I have a strategy that I've been playing with and trying to backtest. It's of questionable practicality at the moment, but the idea is to pick one stock from the Dow 30 companies to trade right near the close and sell the following day, also near the close (I'm using actual closes as a proxy). If there are no suitable options, no trade is made for the day.

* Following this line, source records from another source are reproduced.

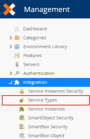 Expand the Integration category, then click Service Types.Service Types, Brokers, Instances, and SmartObjects
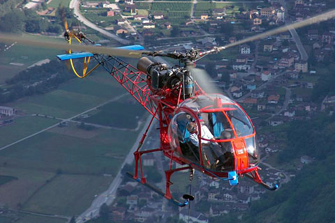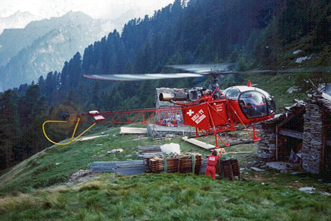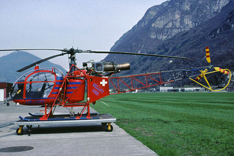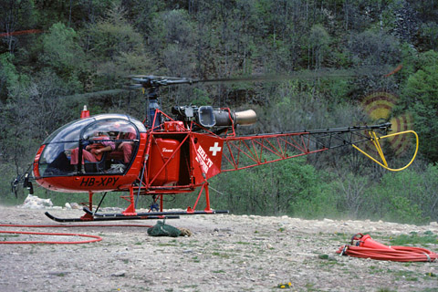 HB-XPY of Heli-TV SA at work on an alp in Ticino - Photo Archiv Micele Ceresa © 1989 | HB-XPY of Heli-TV SA during a working day at Frasco - Photo by Markus Herzig © 16-May-91 |
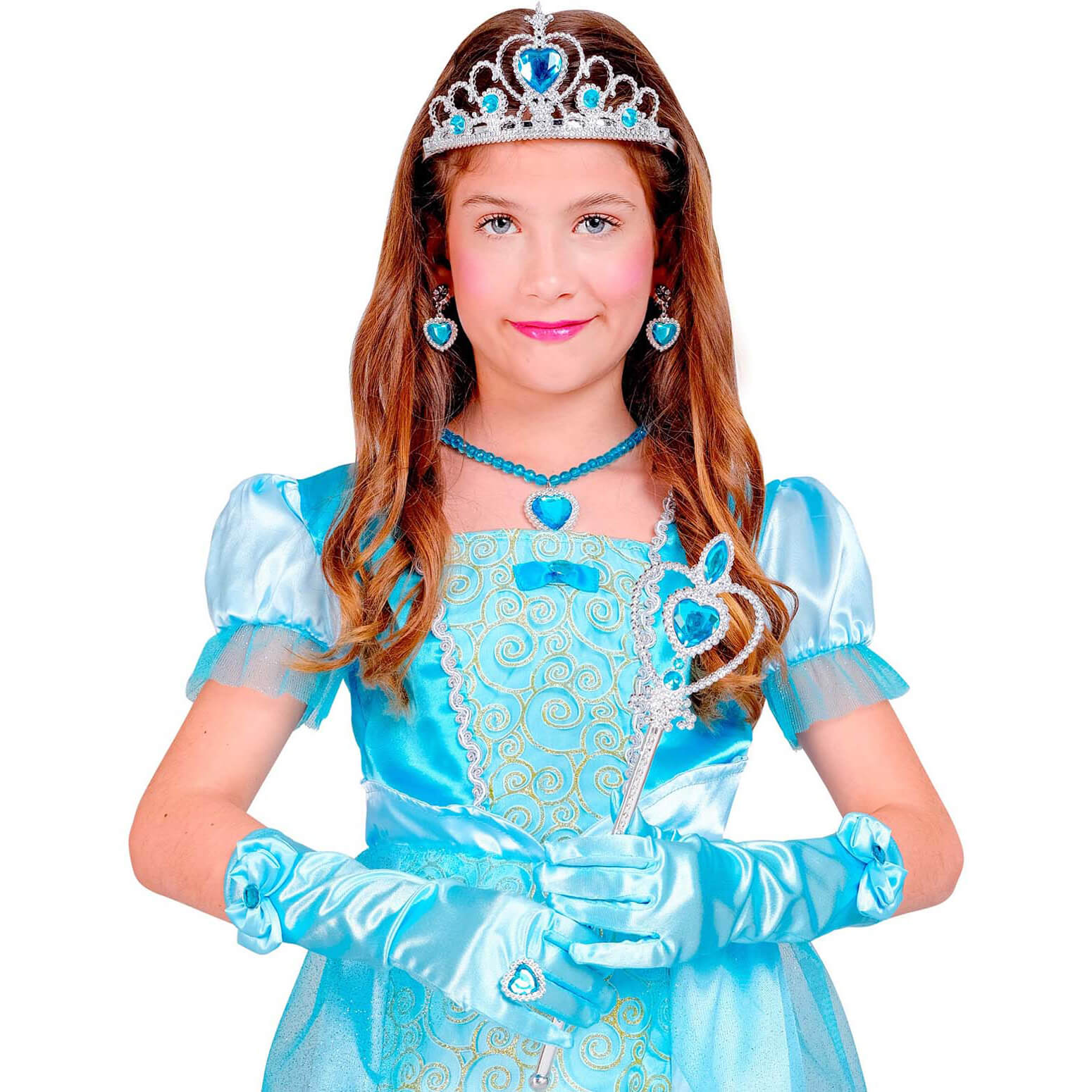 Prinzessin Edeldame Schmuck Set+Handschuhe+Krone+Zepter mit Halsketten+Ohrringen+Ring Diadem silber blau – (ARTIKEL/REFERNZ: 8003558965649/WI96564 – Kategorie/Suche: – Hersteller: Widmann S.r.l.)
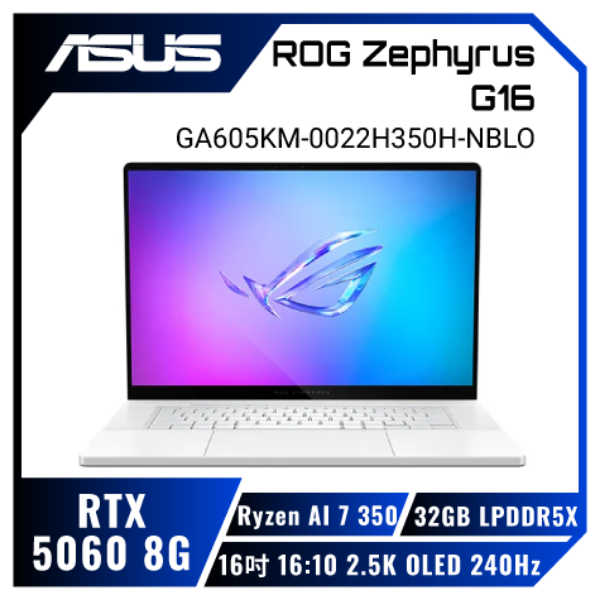 NVIDIA® GeForce RTX™ 5060 8GB GDDR7 (具備MUX獨顯直連) AMD Ryzen™ AI 7 350 Processor 2.0GHz 16-inch / 2.5K (2560 x 1600, WQXGA) 16:10 aspect ratio / 240Hz / OLED
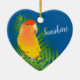 Pay tribute to your little buddy with this sweet lovebird ornament. A lutino peachfaced Agapornis Roseicollis sits at perky attention in all his yellow feathered splendor. Add your bird's name for a personalized heart shaped keepsake of your adorable forever friend. Parrot owners will love this trinket of avian affection to display on their tree or year round in a special spot for a sprinkle of birdie joy.
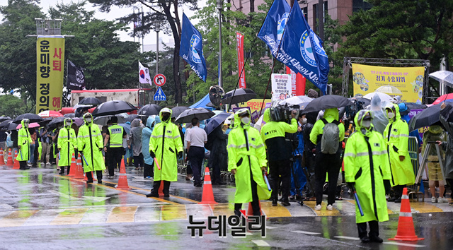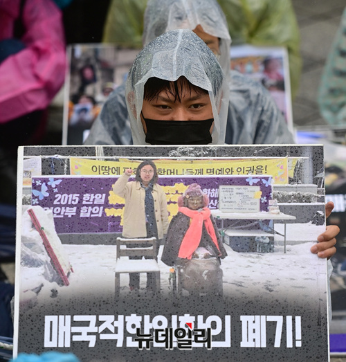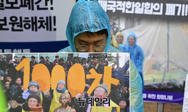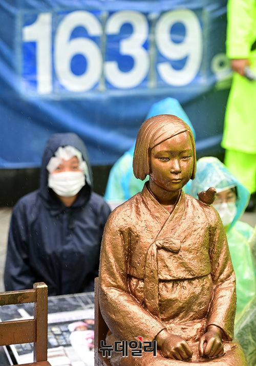 반일행동 소속 대학생들이 위안부 수요집회가 열린 24일 오후 서울 종로구 위안부소녀상을 지킨다는 명목으로 소녀상을 중심으로 밧줄과 현수막을 이용해 몸을 묶고 연좌농성 중이다.28년간 정의연 수요집회를 이어오던 위안부소녀상 앞 자리는 자유연대가 23일부터 7월 중순까지 집회신고를 한 상태다.자유연대는 반일행동의 집회방해로 소녀상 왼쪽에서 집회를 이어갔다. 집회신고 순위에 밀려난 정의연 수요집회는 소녀상 오른쪽에서 집회를 열었다.경찰은 충돌을 막기 위해 인력을 대거 투입했다.
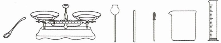 仪器:托盘天平、滴管、烧杯、玻璃棒、量筒(规格有25mL、50mL和100mL)。
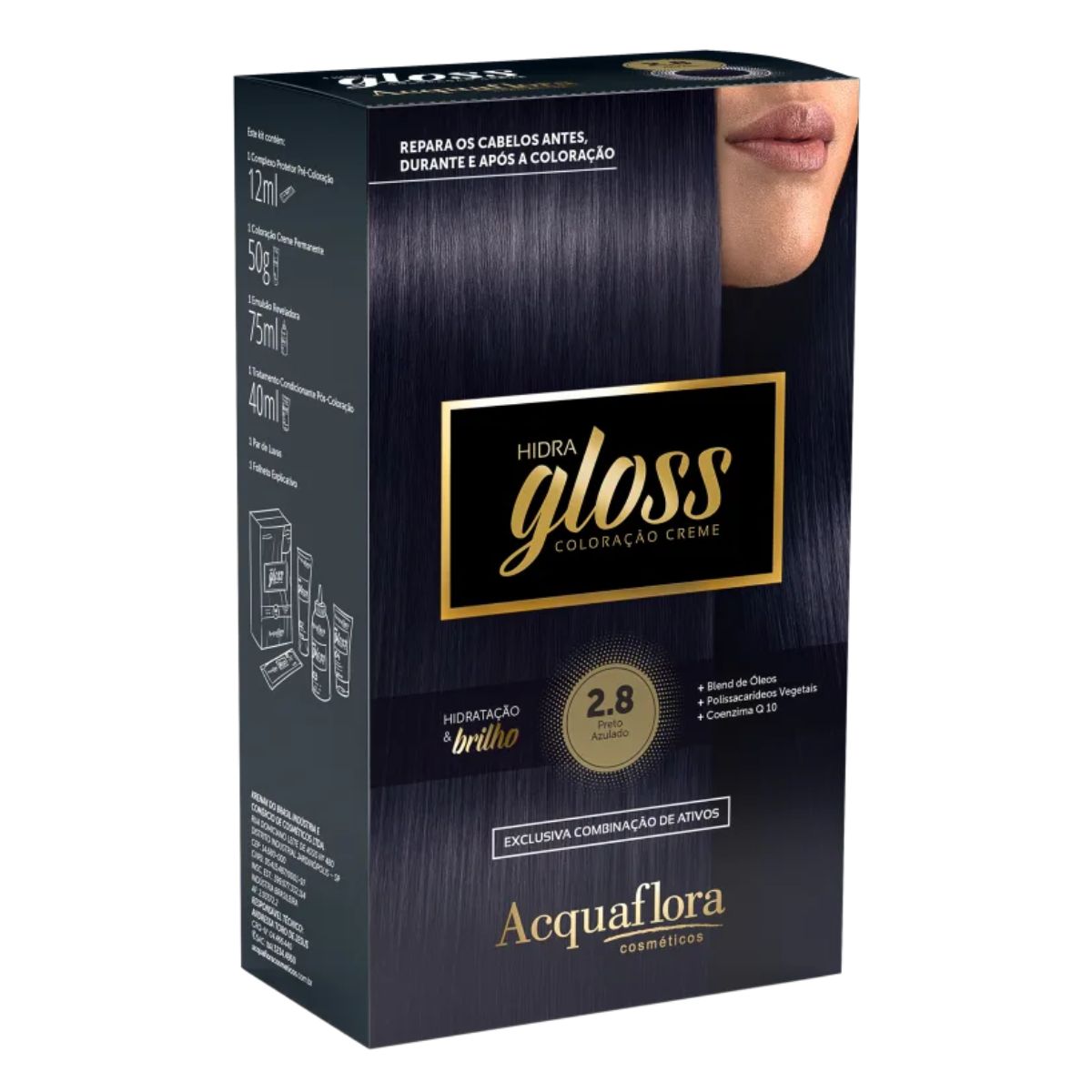 Coloração permanente para todos os tipos de cabelo. Acquaflora Hidra Gloss é perfeito para quem deseja mudar a cor dos fios, para tons mais claros ou escuros, sem comprometer a saúde da fibra capilar.A Coloração Permanente Acquaflora Hidra Gloss traz cores incríveis para alterar a cor do seu cabelo e promover uma cobertura total dos fios brancos. Apresenta um sistema exclusivo com o Complexo Protetor-Pré Coloração, enriquecida por óleos, e o Tratamento Condicionante Pós-Coloração, para garantir maciez, brilho e vitalidade para a fibra capilar por muito mais tempo.
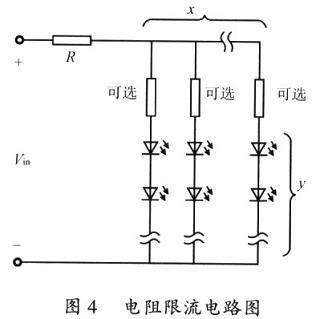 如图4所示,电阻限流驱动电路是最简单的驱动电路,限流电阻按式(1)计算。
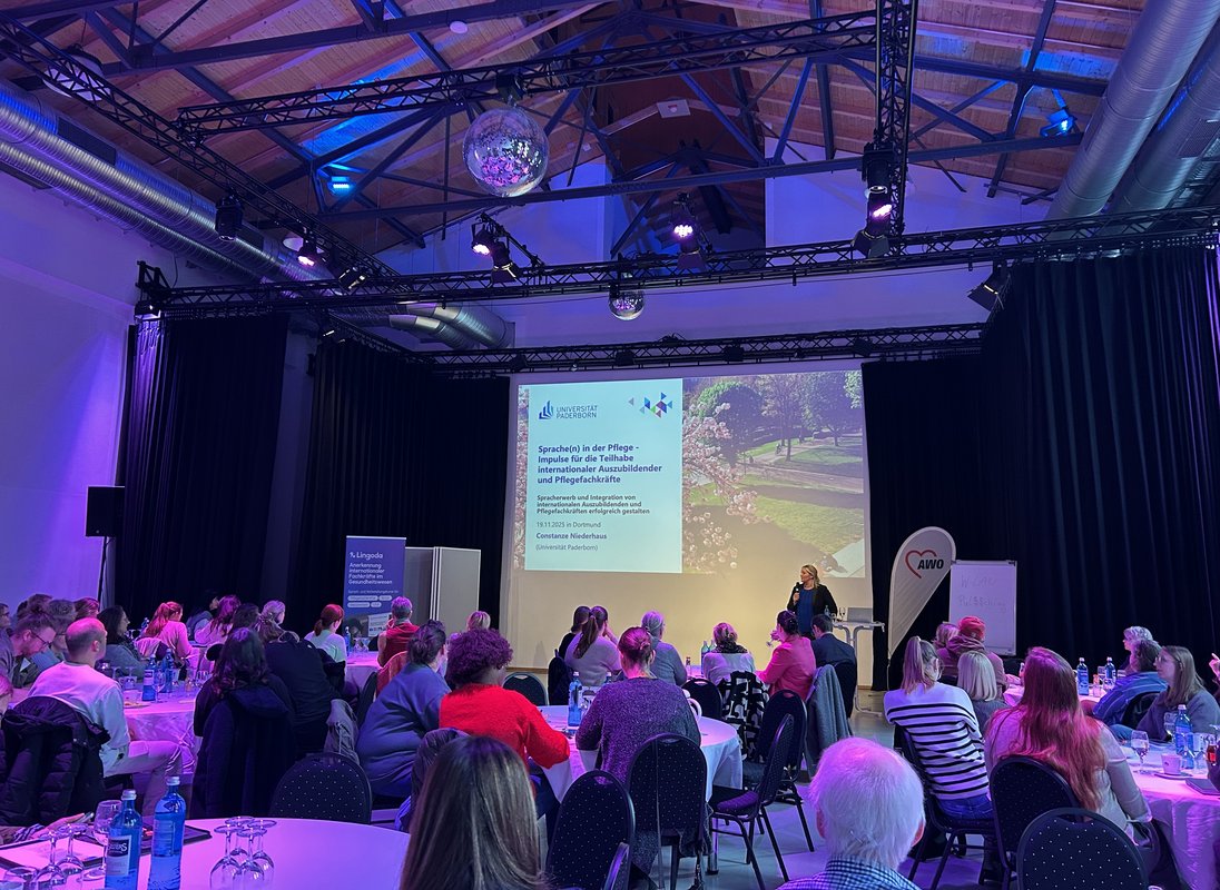 Prof. Dr. Constanze Niederhaus beleuchtete sprachliche Herausforderungen und Ansätze für eine nachhaltige Teilhabe in Pflege und Ausbildung.

Here's a summary of the test trades:
Period: 6/2/2016 to 6/9/2020
Trading days: 1013
Number of trades: 734
Average return per trade: 0.2298%
Trade standard deviation: 2.2826%
From what I've seen, the Sharpe Ratio would typically be calculated something like this in Python:
sharpe = daily_mean_return / daily_std * 252**0.5
In my case, I'm wondering if I should use the average number of days per year rather than 252
for a full year. So it would look something like:
trading_days = 1013
n_trades = 734
trade_mean = 0.002298
trade_std = 0.022826
annual_trades = n_trades / (trading_days / 252)
sharpe = trade_mean / trade_std * annual_trades**0.5 # 1.360
daily_sharpe = trade_mean / trade_std * 252**0.5 # 1.598
So calculating using only the trades actually made yields 1.360
and calculating based on 252
days yields 1.598
. Which of these is really getting to the essence of the ratio?